Athletes who are not sure how much fluid to drink can monitor hydration using two helpful techniques:
- Weigh yourself before and after practice in minimal clothing. For every pound lost during the workout, drink 2-3 cups (16-24 oz) of fluid to properly rehydrate the body.
- Check urine color. Urine that is dark gold in color indicates dehydration. Urine similar in color to pale lemonade or weak tea is a sign of a hydrated athlete.
Signs and Symptoms of Dehydration:
- Lack of concentration
- Early fatigue in training
- Difficulty tolerating heat
- Delayed Recovery
- Muscle cramps
- Headache
- Nausea / Vomiting
- Elevated heart rate above normal
Use the following guidelines for the maintenance of optimal hydration:
- Before Exercise: 16-20 ounces within the two-hour period prior to exercise.
- During Exercise: 4-8 ounces (2-4 gulps) every 15-20 minutes during exercise.
- Post Exercise: Replace 16-24 ounces (2-3 cups) for every one pound of body weight lost during exercise within 30 minutes.

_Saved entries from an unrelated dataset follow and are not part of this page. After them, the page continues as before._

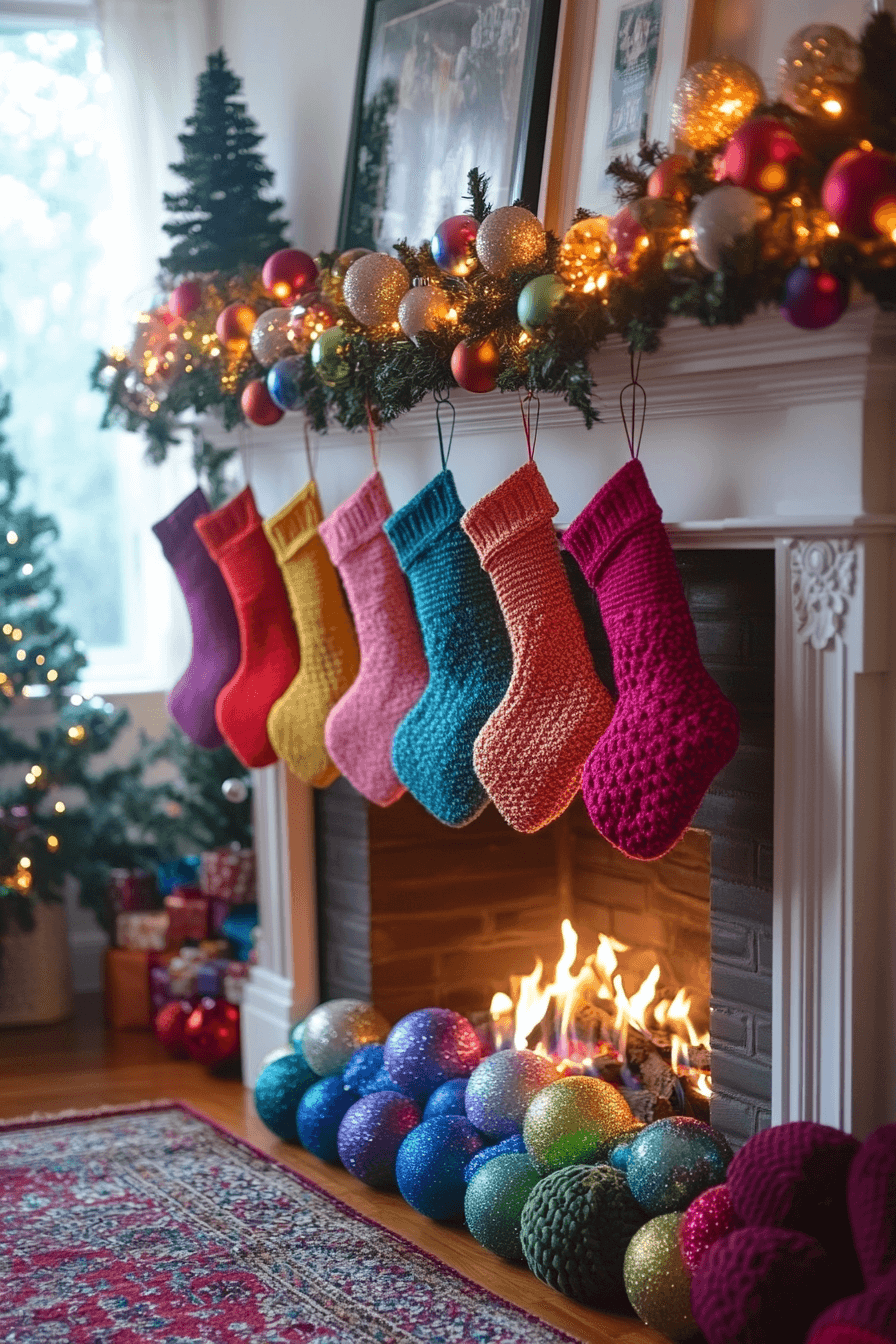 Unleash colorful holiday joy with christmas fireplace decor decorated in rainbow tones for lively festive expression. Multicolored accents brighten the mantel with fun, spirited energy. Every shade contributes fresh seasonal vibrance. The space feels expressive, playful, and full of personality.
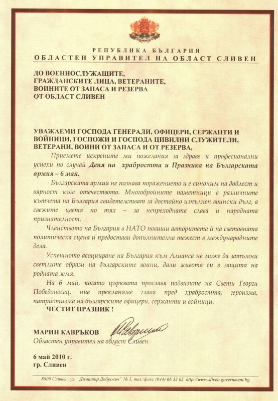 Областният управител г-н Марин Кавръков поздрави военнослужещите, цивилните служители, ветераните, воините от запаса и резерва от област Сливен по повод 6 май - Деня на храбростта и Празника на Българската армия!
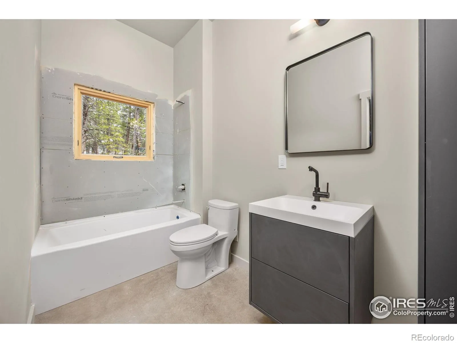 BEST VALUE ON THE MARKET – BRAND NEW CONSTRUCTION UNDER $350/SQUARE FOOT! Maintenance free living for decades to come, why settle for a property that needs work, when you can have THIS?! Located just 10 minutes from Nederland, and with National Forest access at the end of the road, this 3b/4b modern, mountain home with polished concrete floors and radiant in-floor heat throughout the home is quietly nestled in a small community has easy access to trails and all the adventures they have to offer. Unwind in the sun filled, Scandinavian inspired space, complete with professional kitchen appliances, walk in pantry, open living room/dining room, large Marvin windows and Thermatru doors, and soaring 10’+ ceilings throughout the home. Every bedroom has its own en-suite full bathroom and the primary bathroom suite includes a water closet, dual-head walk in shower, soaking tub, and oversized walk in closet. Included in the floor plan is a separate office as well as an additional flex room with it’s own exterior door for a true work from home private space. With Hardie board exterior siding and metal skirting details, along with stunning timber accents, the exterior of the home requires little maintenance and is truly beautiful. Don’t miss your chance to own a stunning, near maintenance free home in the mountains that basks in year round sun. This home was engineered to be emissions free with an air to water heat pump heating system and a high efficiency heat pump water heater. Be sure to review the additional property remarks for a list of future provisions that were designed with the home. Interior work is still being completed and property is currently under construction with estimated completion on 10/15/2025
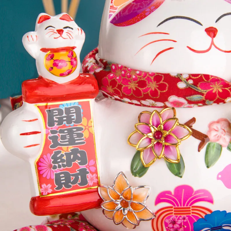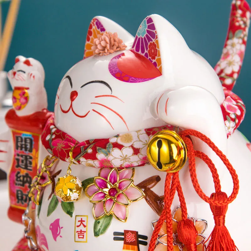 Символ процветания на удачу-Скульптуры изображают кошку с вертикальной лапой и обычно отображаются (много раз на входе) в магазинах, ресторанах, Пачинко салонах и других предприятиях.
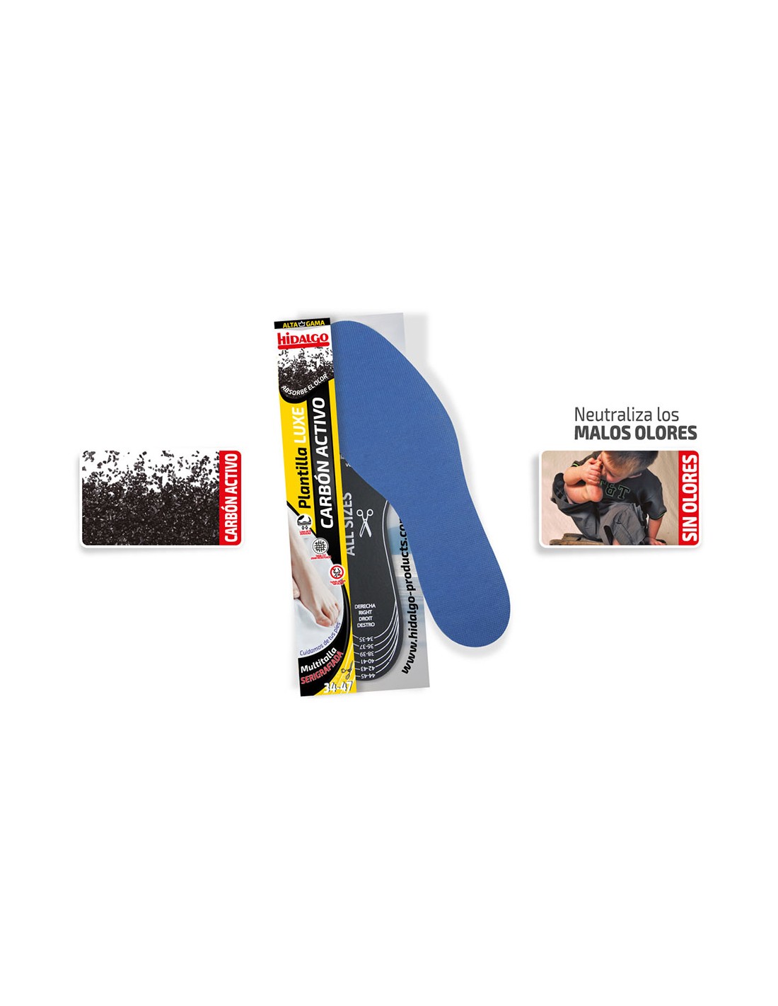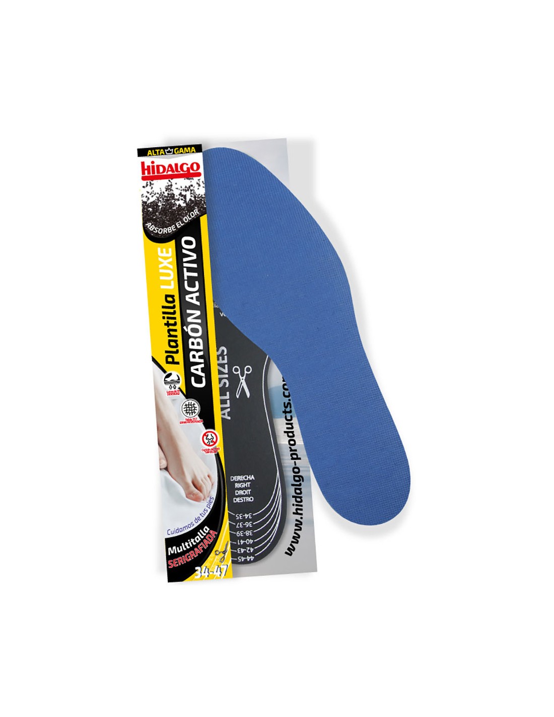 Plantilla para calzado luxe carbón activo recortable. neutraliza los malos olores. multitalla recortable, 34-47
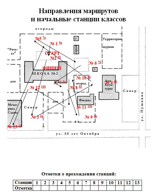 Предупреждаю заранее - интересно будет, разве что, педагогам или родителям школьников среднего звена и старших классов. Нынче у школы День Рождения - сколько-то там лет (в зависимости от продолжительности копания в архивах от 68 до 150). Уже лет 10, как всешкольно отмечаем. Решили от балды праздновать в последнюю субботу октября, но сейчас перенесли на последний день четверти, потому совпало с Хеллоуином. Кое что успел заснять на телефон. С утра было что-то вроде линейки. Перед ней все ходили с мрачными лицами и никак не могли определиться: стоит ли вообще проводить - сыро и лужи кругом. Потом распогодилось и решили таки рискнуть. Кусок школьного двора до начала всего безобразия: На линейке принимали поздравления, дружно орали "С Днем Рождения, школа!!!" и прочая. Меня там не было - я был уже на станции (см. ниже), поэтому толкового снимка линейки не вышло. Ну, что-то такое, в общем, (вид из-за спин): Опосля линейки затеялась спартакиада 5-х - 11-х класов. Суть, в общем, следующая: на прилегающей к школе территории располагаются станции. В нашем случае, охват территории примерно 400x300 метров. На каждой станции учащиеся всем классом должны выполнить определенное задание. Задания несложные, самое главное, чтобы весь класс действовал согласованно и дружно - в этом и заключается смысл спартакиады: дать возможность детям ощутить сплоченность коллектива, собственную в нем роль, "чувство локтя" товарища. Участвуют все, включая классного руководителя, который тоже бегает, пыхтит и мысленно матерится. Навскидку, станции, которые могу припомнить: 1. Пробежать по доске всем классом, взявшись за руки, не размыкая цепочки и не ступая на землю. 2. Переправиться всем классом через "горную речку" (две линии на асфальте) - два самых суровых парня на руках переносят через нее всех по очереди. 3. Пролезть, опять же, цепочкой, взявшись за руки, через подвешенный обруч. 4. Влезть всем классом на дерево и громко спеть веселую песню. 5. Встать всем классом так, чтобы на земле оставалось как можно меньше ног (кто-то на кого-то влез, кто-то за кого-то уцепился). 6. Изобразить классом олимпийские кольца. 7. Охватить в сквере кольцом как можно большее количество деревьев (можно снимать с себя куртки, всякое шмотье, браться за рукава, штанины - лишь бы кольцо было побольше). 8. Нарисовать на асфальте эмблему класса. 9. Собрать на время здоровущий паззл из небольшого количества фрагментов огромного размера. ... и т.д. Вспомню еще - допишу. Главное, чтобы задания были примерно равны по продолжительности выполнения. Для того, чтобы не было путаницы, каждый класс получил свою маршрутную карту с указанием их движения: Весь фокус в том, что, чтобы не было на одной и той же станции столпотворения, каждый класс начинает со своей станции. 5а - с 1-й, 5б - со 2-й, 6а - с 3-й и т.д. Число станций равно количеству классов. (Все маршрутные карты различаются немного из-за этого). Присутствующий на станции судья ("смотритель") оценивает качество выполнения, скорость, учитывает количество детей в классе и ставит свою оценку прямо в ней. Потом вся компания дружно бежит на следующую. В итоге, дети за полчаса набегают в общей сложности километра 4-5, захекаются, но у всех будет хорошее настроение. Некоторые фото, которые успел классный руководитель 6-го "б" класса снять на одолженный у меня мобильник: Моя станция. Бандиты бегут по "бревн
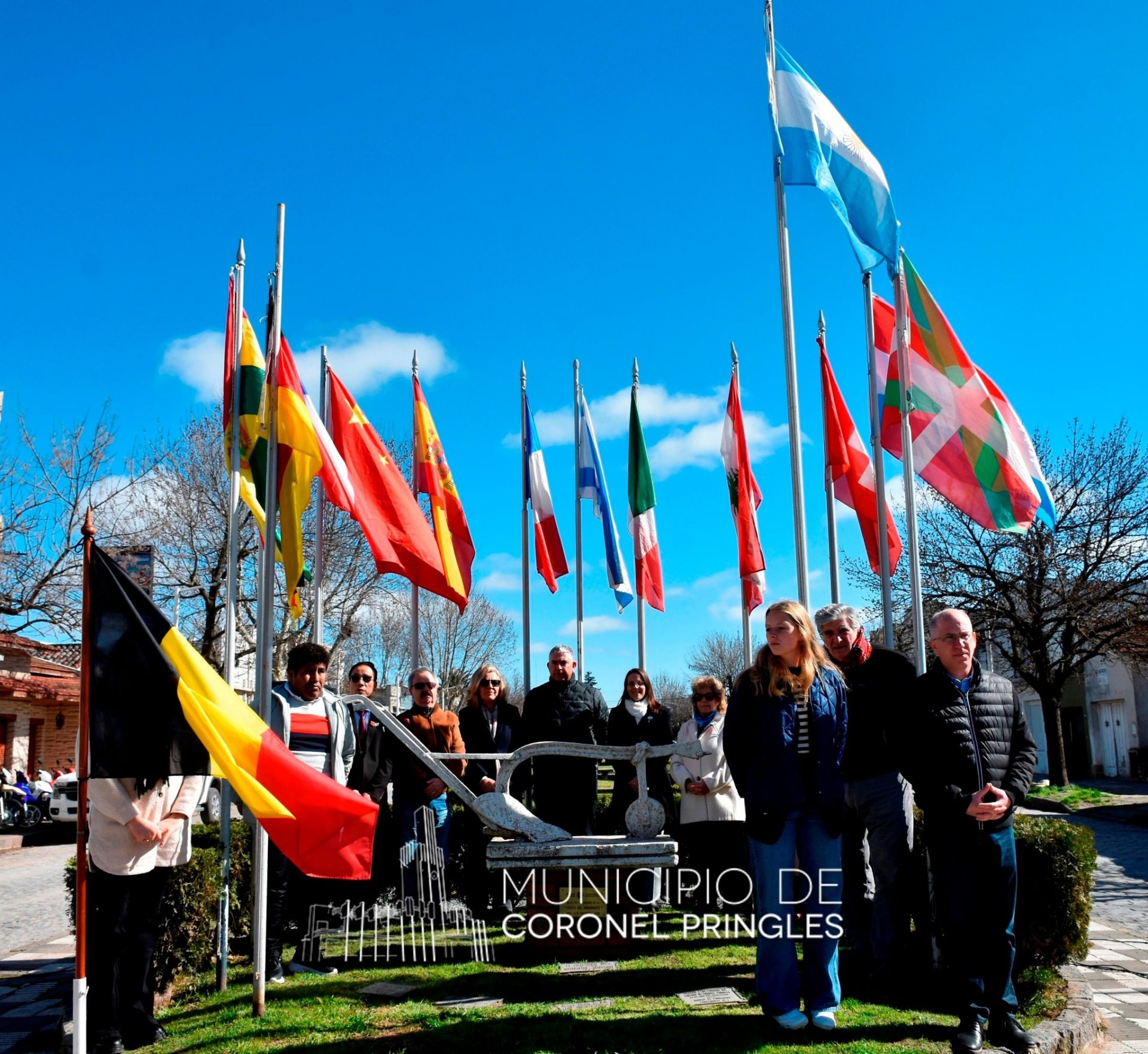 También se izaron las banderas de cada colectividad y se compartió un texto de Máximo Suárez (EES N° 3), leído por su compañero Bruno Rossi, el cual narra la llegada de un inmigrante a nuestra ciudad, relato que formó parte de “Voces al papel – Anecdotario pringlense”, programa de la Dirección de Cultura.
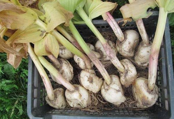 След цъфтежа луковицата се храни дълго време през земната част на храста. Следователно е необходимо да го изкопаете само след като листата и цветните стрели изсъхнат.
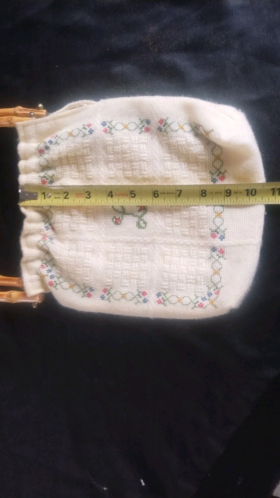 как выглядит Vtg Knit Embroidered White Purse Featuring Initial "L" Bamboo Handles Floral фото
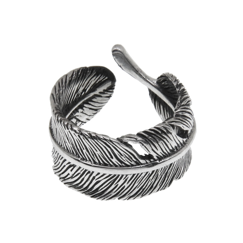 S925 Sterling Silver Feather Ring Creative Personality
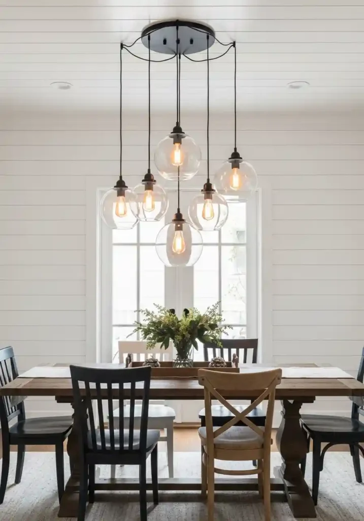 15. The Farmhouse Dining Room With Pendant Cluster: Modern Drama Above the Table
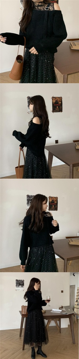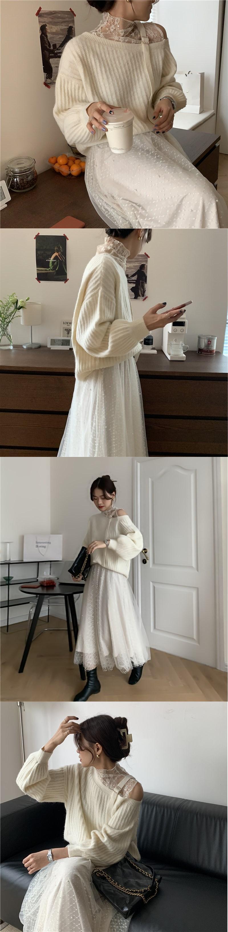 レースカラーセーター メッシュスカート レディース ロング オフショルダー シルク ステッチ 韓国婦人92373850658
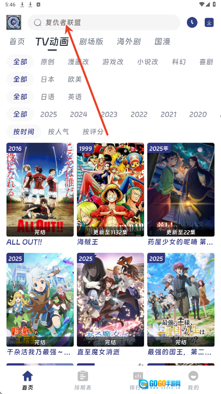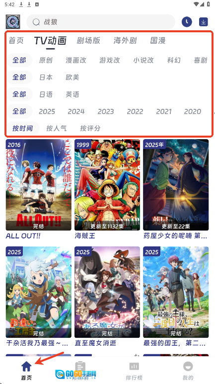 如图所示,在主页切换到“TV动画”板块后,就能筛选自己喜欢的动漫了。
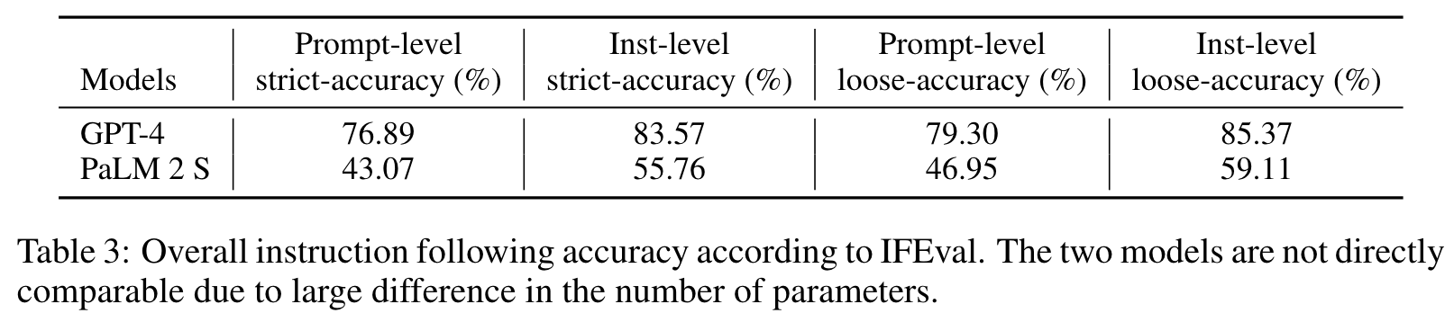 对于 LLM 的 Instruction Following 能力的评估没有标准化:人工评估成本高、速度慢,而且无法客观地重复,而基于 model judge 的自动评估则可能存在偏差或受到 judge model 能力的限制。作者为此引入了指令跟踪评估(Instruction-Following Eval, IFEval)。IFEval 是一种简单易行的评估基准,它侧重于一组“可验证的指令”,例如“write in more than 400 words”和“metion the keyword of AI at least 3 times”。作者确定了25种可验证的指令,并构建了约500个 prompt,每一个 prompt 包含一个或多个可验证指令。
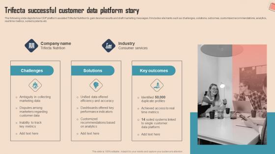 The following slide depicts how CDP platform assisted Trifecta Nutrition to gain desired results and draft marketing messages. It includes elements such as challenges, solutions, outcomes, customized recommendations, analytics, real time metrics, soiled systems etc.Do you know about Slidesgeeks Trifecta Successful Customer Data Platform Comprehensive CDP Guide For Promoters Background Pdf These are perfect for delivering any kind od presentation. Using it, create PowerPoint presentations that communicate your ideas and engage audiences. Save time and effort by using our pre-designed presentation templates that are perfect for a wide range of topic. Our vast selection of designs covers a range of styles, from creative to business, and are all highly customizable and easy to edit. Download as a PowerPoint template or use them as Google Slides themes. The following slide depicts how CDP platform assisted Trifecta Nutrition to gain desired results and draft marketing messages. It includes elements such as challenges, solutions, outcomes, customized recommendations, analytics, real time metrics, soiled systems etc.
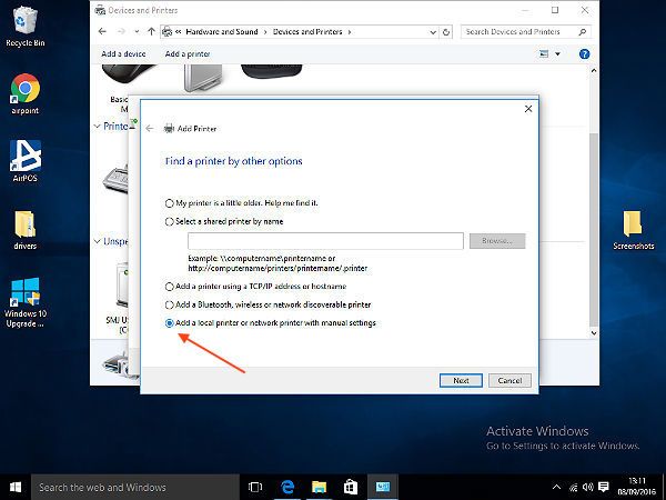 A new popup will appear to 'Find a printer by other options'. In that window select the option to "add a local printer or network printer with manual settings" and press the next button as seen here.
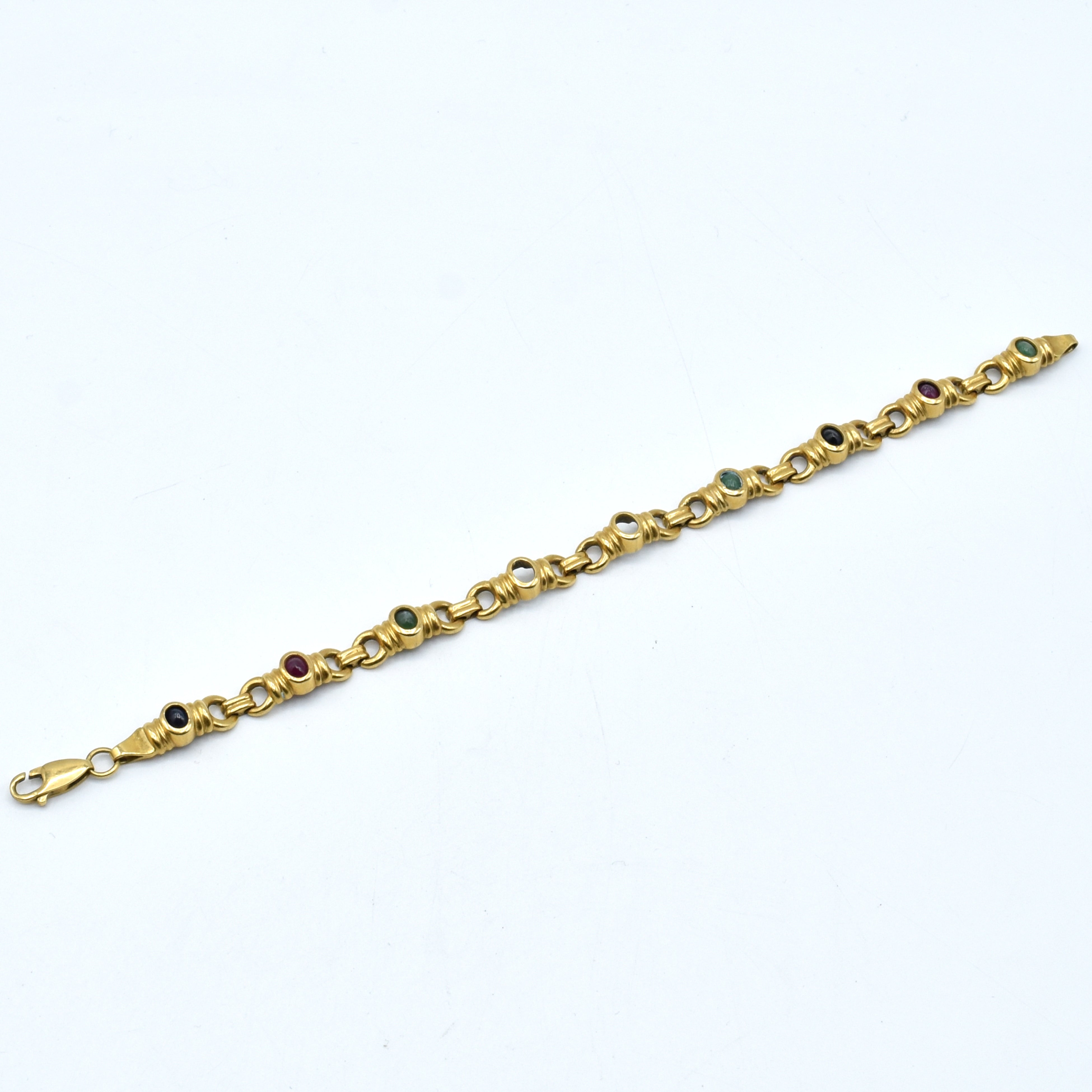 Bracelet en or jaune 18 ct serti de 2 saphirs, 2 rubis et 3 émeraudes (pierres manquent, pierres abîmées, abîmé, bosselé) - 23.7 g brut (21 cm)

Ask Nutrition Synergy how much water you need, and how you can find out if you might benefit from additional sodium, potassium, or if you should include a carbohydrate source during exercise as these nutrients can effect performance as well.
During competitive sports events, it is easy to get caught up in the game and forget to hydrate, so remember to drink whenever water breaks are offered at regular intervals during practice and competition. To properly prepare in advance for your training sessions, Carry a water bottle at all times, try drinking a smoothie, have soups / broths during the day, and include a variety of fruits/veggies with high water content. Staying on track with your hydration plan is the best habit you can have as a competitive athlete, and one factor of performance that is within your control!